Proteopedia, using JSmol, is able to construct biological units. When you are developing a scene for a Proteopedia green link, using the Scene Authoring Tools with a published PDB code, you have the option of loading either the asymmetric unit or biological unit 1 (the "biological assembly").

Image:SAT-biological-assembly.png

Biological Unit 2 or Higher

Occasional PDB files specify more than one biological unit. The easiest way to see all the biological units is to use FirstGlance in Jmol: see Visualizing the Biological Unit.

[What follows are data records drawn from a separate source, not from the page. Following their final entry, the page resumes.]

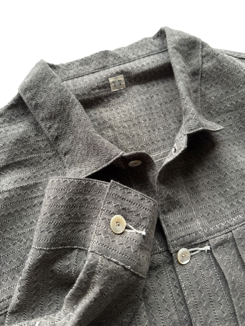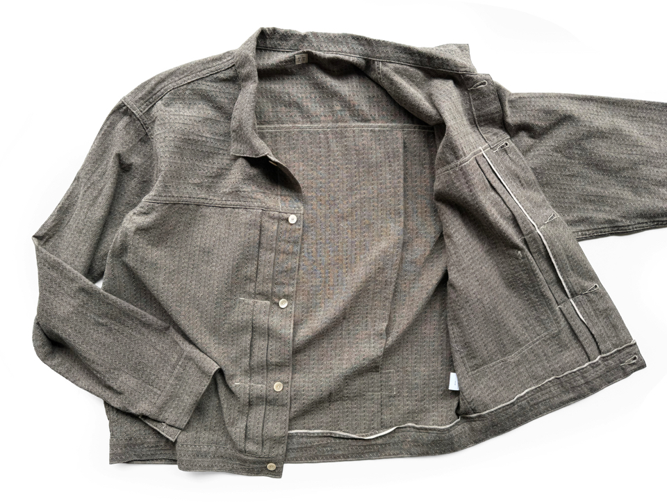 貝ボタンを用いてシャツとしても着られるようにデザインしたジャケットである。
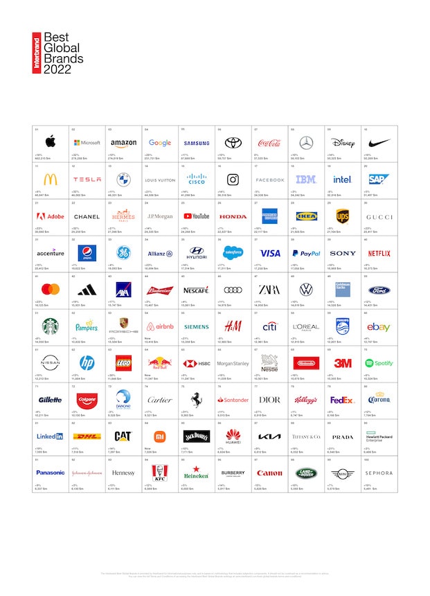 Die Allianz bleibt die wertvollste globale Versicherungsmarke. Die Münchner verteidigten im „Best Global Brands 2022“-Ranking den 34. Platz. Ihr Markenwert stieg um 23 Prozent auf 18,7 Milliarden Euro. Axa folgt als einzige weitere Versicherungsmarke in der Top 100 auf Rang 43 – fünf Positionen höher als 2021. Apple bleibt im zehnten Jahr in Folge an der Spitze, Microsoft verdrängt Amazon vom zweiten Platz und Tesla überholt BMW.
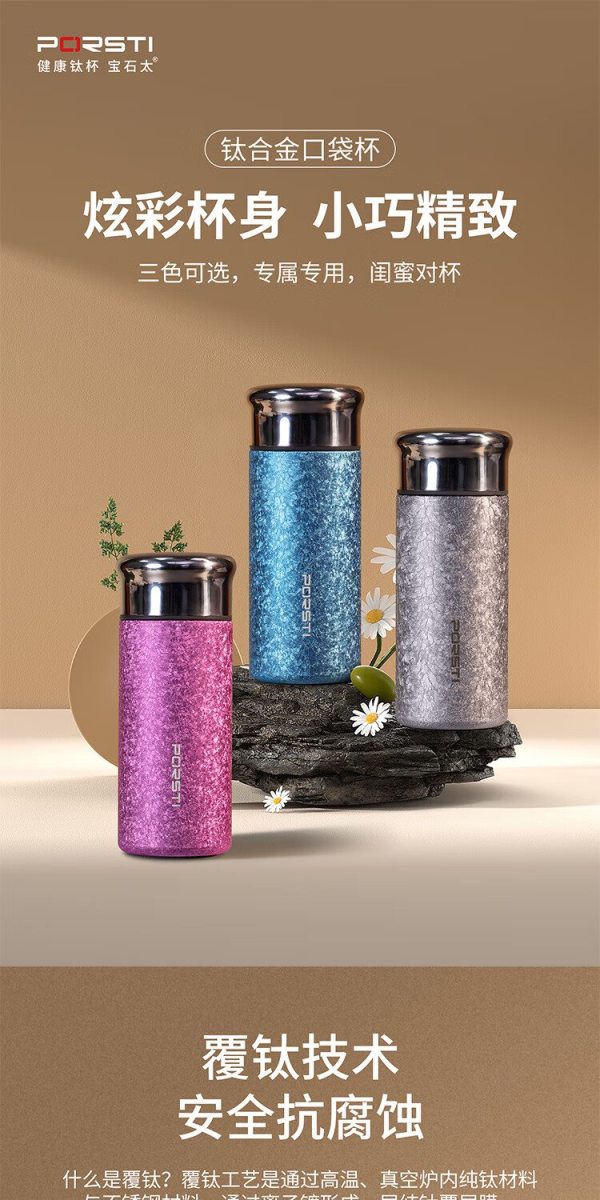 PORSTI 钛合金 GTBST-2503保温杯口袋杯220ml 湖波蓝 单位:个
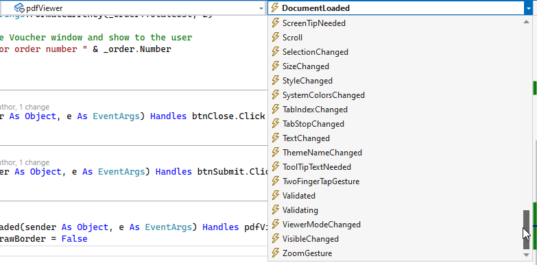 I didn't see a preloaded Event in the UI for ViewElementChanged, and I wasn't sure how to manually recreate the event. Your code was in C# but the convertor from C to VB didn't seem to work for me in the designer or in the form load event.
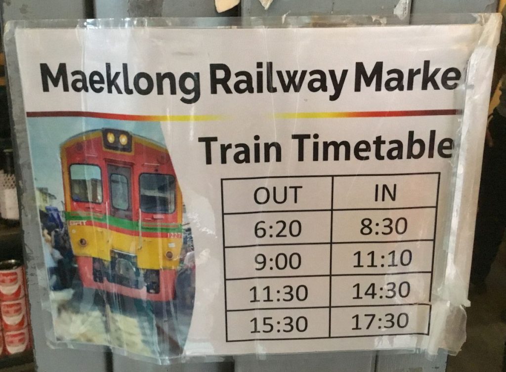 Mae Klong Pazarı sabah 7’den akşam 5’e kadar açık ama bizim amacınız tren geçişini görmek olduğu için trenlerin geçiş saatlerini bilmek gerekiyor. Trenlerin geçiş saatleri Bangkok tarafından gelen trenler: 08.30, 11.10, 14.30, 17.40/Mae Klong tarafından Bangkok’a giden trenler: 06.20, 09.00, 11.30, 15.30. Bu saatlere Bangkok’tan geliş mesafesini de hesaba katmanız gerekir. Biz saat 11.10 da geçecek treni görmek üzere hareket ediyoruz.
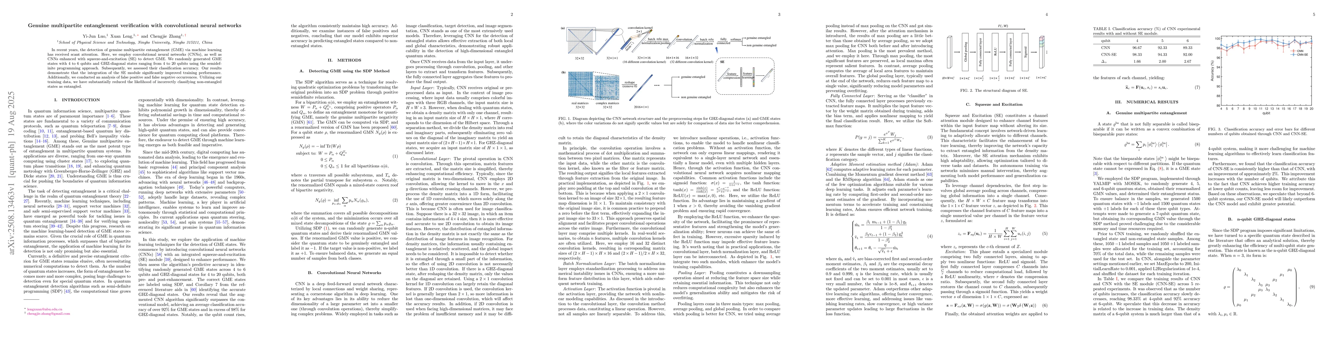 The research employs convolutional neural networks (CNNs) and CNNs enhanced with squeeze-and-excitation (SE) modules to detect genuine multipartite entanglement (GME). GME states with 4 to 6 qubits and GHZ-diagonal states from 4 to 20 qubits are generated using semidefinite programming and classified.
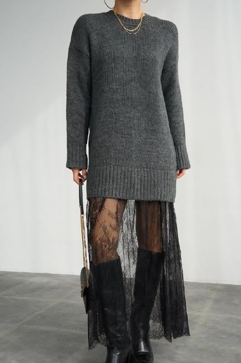 Etek Ucu Tül Triko Elbise QS251009

If you want to show biological unit 2 (or a higher number) in a green link scene in Proteopedia, use the FILTER option in the Load Molecule dialog of the Scene Authoring Tools. Biological units are designated as "biomolecules" in PDB files. To get biomolecule 2, simply enter biomolecule 2 in the FILTER slot. This will load all atoms in biomolecule 2.

Image:SAT-filter1.png

Simplification

Sometimes there are too many atoms for good performance of JSmol, and in such cases, simplifying to show only the alpha carbons (or sometimes a subset of alpha carbons) is usually sufficient. Consider the biological units ("biomolecules" in PDB nomenclature) in 7r1c, a bacterial gas vesicle. Its asymmetric unit contains a single protein chain with 65 amino acids (alpha carbon atoms) and 496 atoms (hydrogen atoms were omitted).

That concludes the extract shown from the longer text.